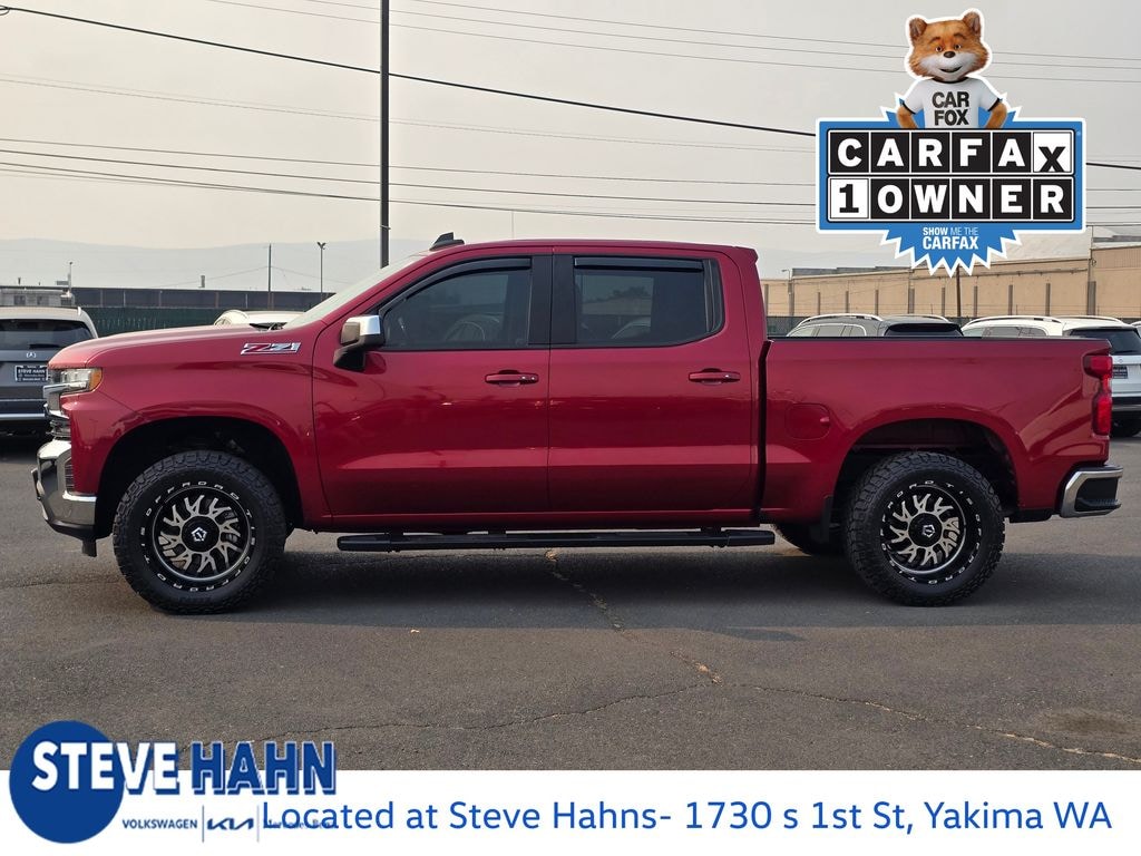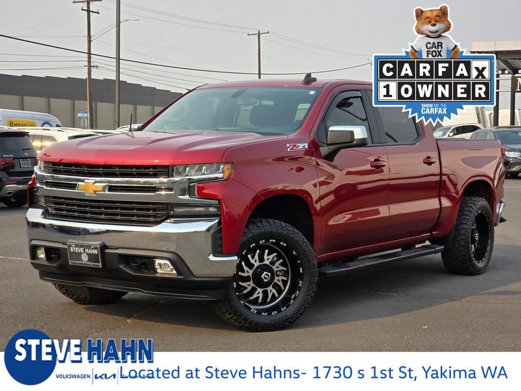 CARFAX One-Owner. Cajun Red Tintcoat 2019 Chevrolet Silverado 1500 LT EcoTec3 5.3L V8 8-Speed Automatic 4WD 4D Crew Cab 8-Speed Automatic, 4WD, Black Cloth, 10-Way Power Driver Seat w/Lumbar, 12-Volt Rear Auxiliary Power Outlet, 170 Amp Alternator, 2 USB Ports (First Row), 220 Amps Alternator, 3.23 Rear Axle Ratio, 4-Way Manual Driver Seat Adjuster, 4-Wheel Disc Brakes, 4.2" Diagonal Color Display Driver Info Center, 40/20/40 Front Split Bench Seat, 40/20/40 Front Split-Bench Seat, 6 Speakers, ABS brakes, Air Conditioning, All-Star Edition, Alloy wheels, AM/FM radio, Apple CarPlay/Android Auto, Auxiliary External Transmission Oil Cooler, Bluetooth® For Phone, Brake assist, Bumpers: chrome, Chevrolet Connected Access, Chevrolet w/4G LTE, Chrome Grille, Chrome Mirror Caps, Cloth Seat Trim, Color-Keyed Carpeting Floor Covering, Compass, Convenience Package, Deep-Tinted Glass, Delay-off headlights, Driver door bin, Driver vanity mirror, Dual Exhaust w/Polished Outlets, Dual front impact airbags, Dual front side impact airbags, Dual-Zone Automatic Climate Control, Electric Rear-Window Defogger, Electrical Lock Control Steering Column, Electronic Cruise Control, Electronic Stability Control, External Engine Oil Cooler, EZ Lift Power Lock & Release Tailgate, Front anti-roll bar, Front Center Armrest w/Storage, Front Frame-Mounted Black Recovery Hooks, Front License Plate Kit, Front reading lights, Front Rubberized Vinyl Floor Mats, Front wheel independent suspension, Fully automatic headlights, Heated door mirrors, Heated Driver & Front Passenger Seats, Heated Steering Wheel, Heavy Duty Suspension, Heavy-Duty Rear Locking Differential, High Capacity Air Filter, Hill Descent Control, Hitch Guidance, Illuminated entry, Integrated Trailer Brake Controller, Keyless Open & Start, Leather Wrapped Steering Wheel, LED Cargo Area Lighting, Locking Tailgate, Low tire pressure warning, Manual Tilt Wheel Steering Column, Manual Tilt/Telescoping Steering Column, Occupant sensing airbag, Off-Road Suspension, OnStar & Chevrolet Connected Services Capable, Outside temperature display, Overhead airbag, Overhead console, Panic alarm, Passenger door bin, Passenger vanity mirror, Power Door Locks, Power door mirrors, Power Front Windows w/Driver Express Up/Down, Power Front Windows w/Passenger Express Down, Power Rear Windows w/Express Down, Power steering, Power windows, Preferred Equipment Group 1LT, Premium audio system: Chevrolet Infotainment System 3, Radio data system, Radio: Chevrolet Infotainment 3 System, Rear 60/40 Folding Bench Seat (Folds Up), Rear Dual USB Charging-Only Ports, Rear reading lights, Rear Rubberized-Vinyl Floor Mats, Rear step bumper, Rear Vision Camera, Remote Keyless Entry, Remote keyless entry, Remote Vehicle Starter System, Single-Zone Manual/Semi-Automatic Air Conditioning, Speed control, Speed-sensing steering, Split folding rear seat, Steering Wheel Audio Controls, Steering wheel mounted audio controls, Tachometer, Theft Deterrent System (Unauthorized Entry), Tilt steering wheel, Traction control, Trailering Package, Trip computer, Urethane Steering Wheel, Variably intermittent wipers, Voltmeter, Wheels: 17" x 8" Bright Silver Painted Aluminum, Wheels: 20" x 9" Painted Aluminum, Z71 Off-Road Package, 8-Speed Automatic, 4WD, Black Cloth.
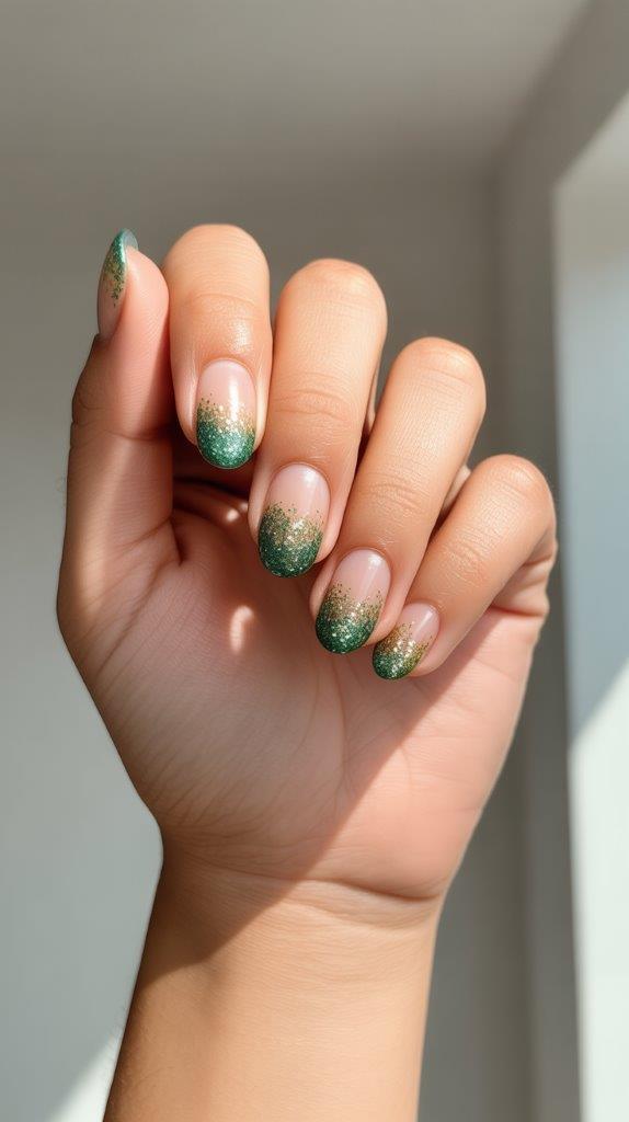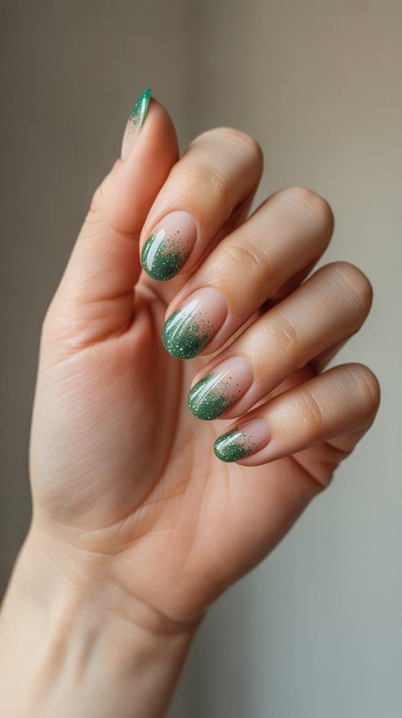 Can’t decide between solid color and full-on sparkle? A gradient is your answer. Start with an opaque green at your cuticles that seamlessly fades into a glitter bomb at the tips. It’s like your nails are erupting in celebration.
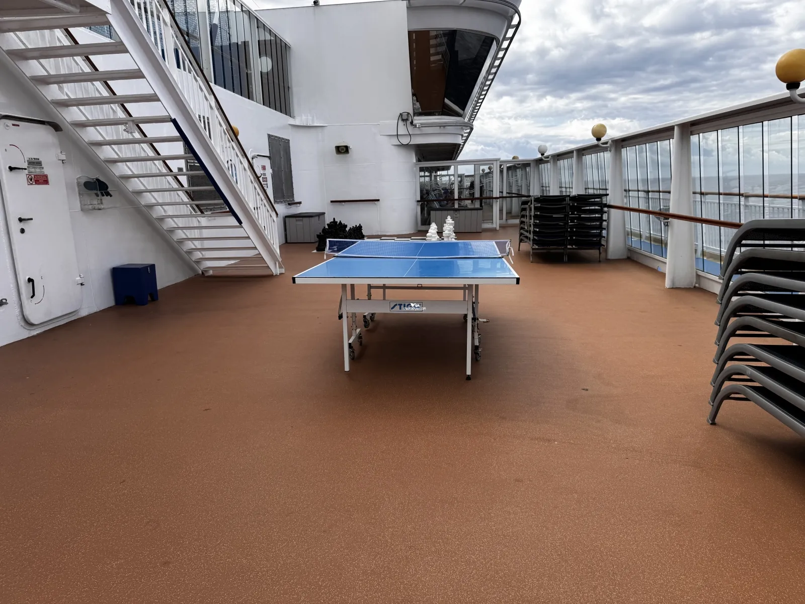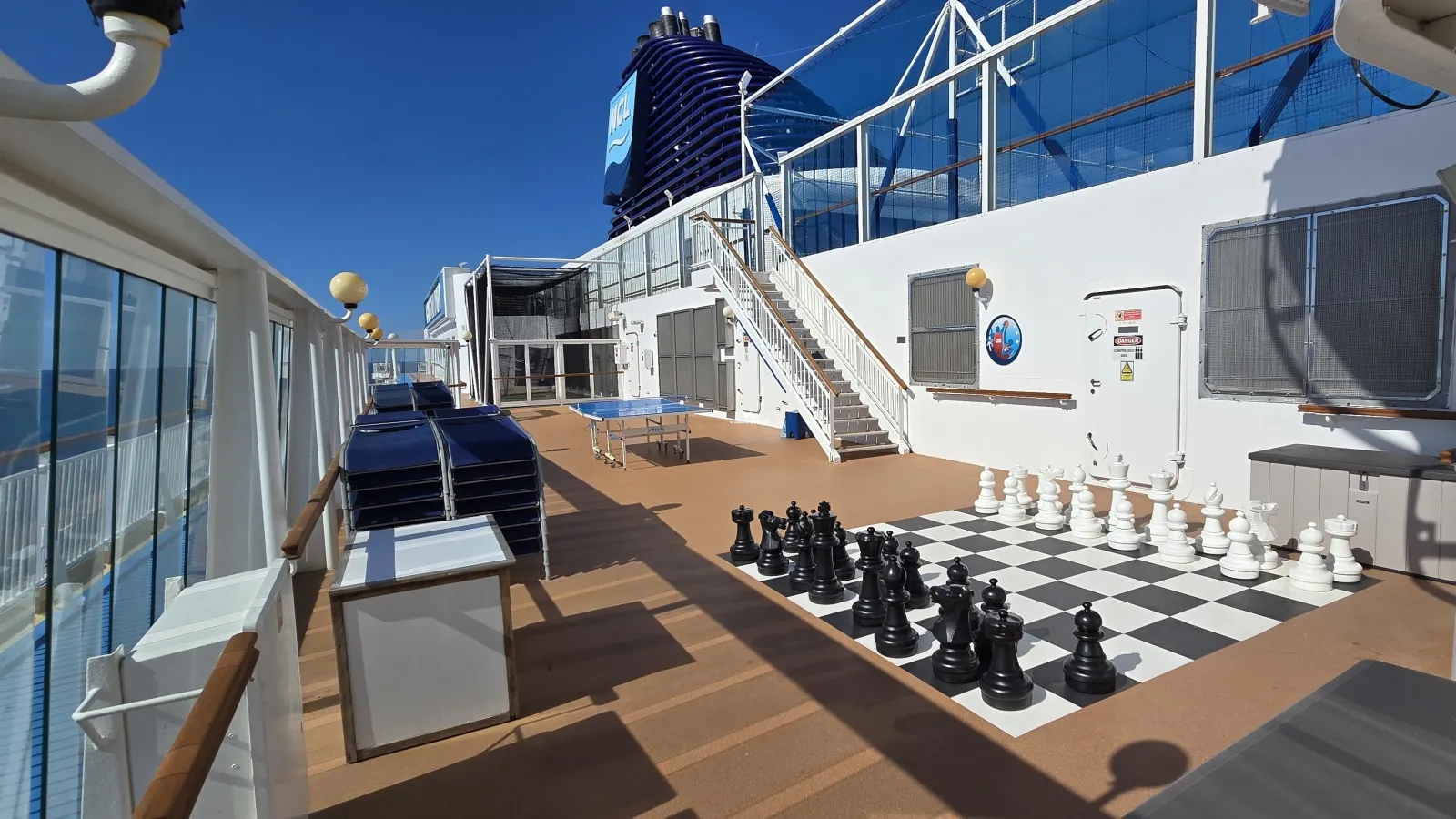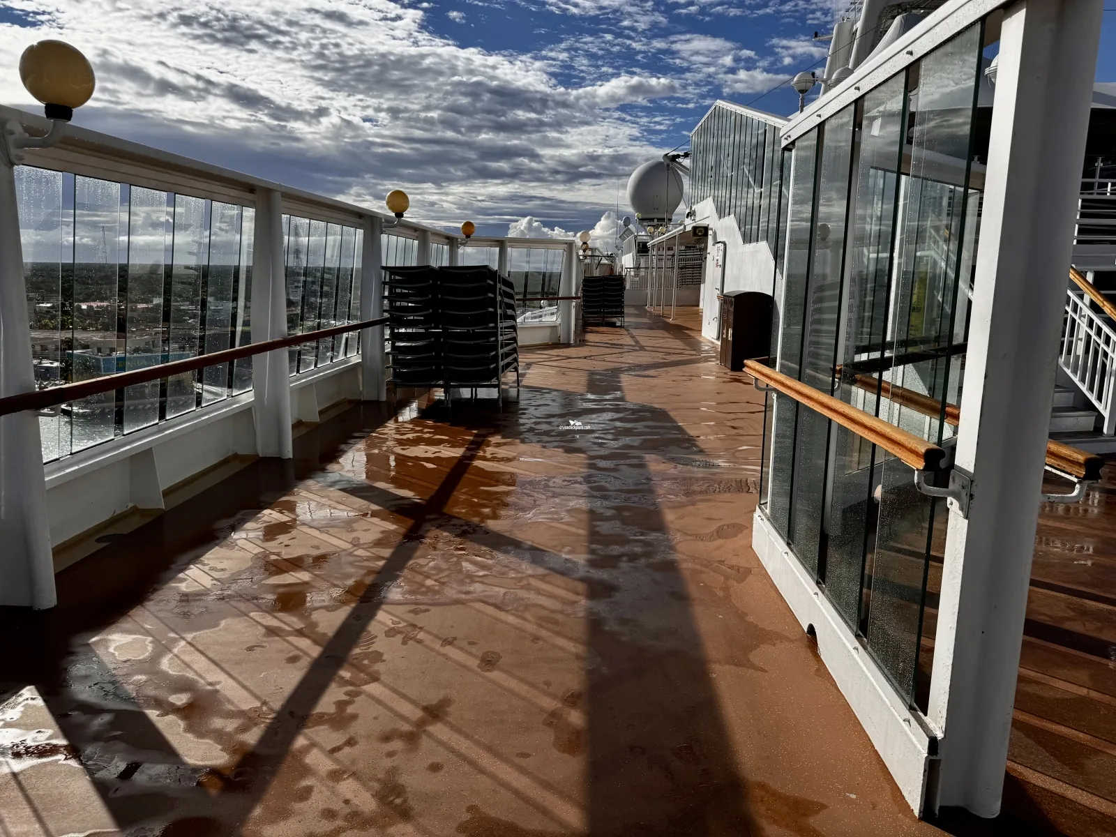 Jogging track that makes loop around pool and back to aft of the ship. Parts of the track may have walkers crossing. Area around the pool is also used for pool loungers.Sun Deck Forward
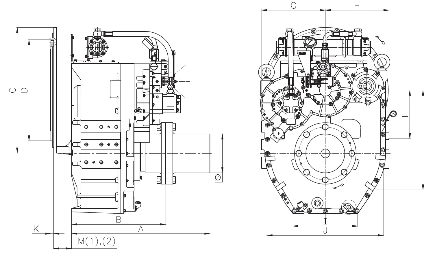 | Model | Housing | Driving ring | C | D | M (1) | M (2) | K |
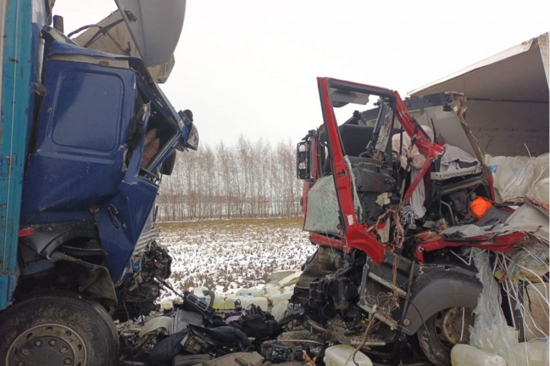 На снимках запечатлены попавшие в страшную аварию автомобили «МАЗ» с полуприцепом «Кёгель», которым управлял мужчина 1963 года рождения, и «MAN», за рулем которого находился мужчина 1979 года рождения. Кабины машин серьезно повреждены, часть груза оказалась на дороге.
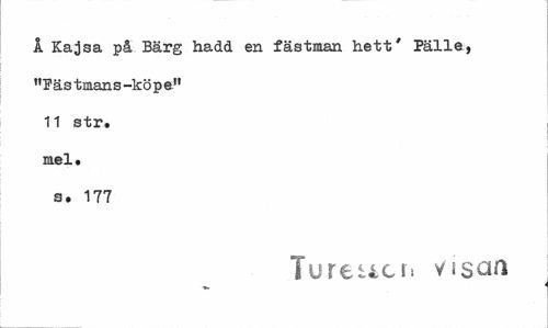 //// Å Kajsa på Bärg hadd en fästman hett' Pälle, "Pästmans-köpe" 11 str. mel* s. 177 //// Turenen vssaa ////

■ ■ ■ ■ ■ ■ ■

Your instructions – Word for word, restate the lines from the line containing "M (1) | M (2) | K |" through the end of the data, including the first and last of them. Pictures stay out.

Solution for this exercise –
 | Model | Housing | Driving ring | C | D | M (1) | M (2) | K |
 На снимках запечатлены попавшие в страшную аварию автомобили «МАЗ» с полуприцепом «Кёгель», которым управлял мужчина 1963 года рождения, и «MAN», за рулем которого находился мужчина 1979 года рождения. Кабины машин серьезно повреждены, часть груза оказалась на дороге.
 //// Å Kajsa på Bärg hadd en fästman hett' Pälle, "Pästmans-köpe" 11 str. mel* s. 177 //// Turenen vssaa ////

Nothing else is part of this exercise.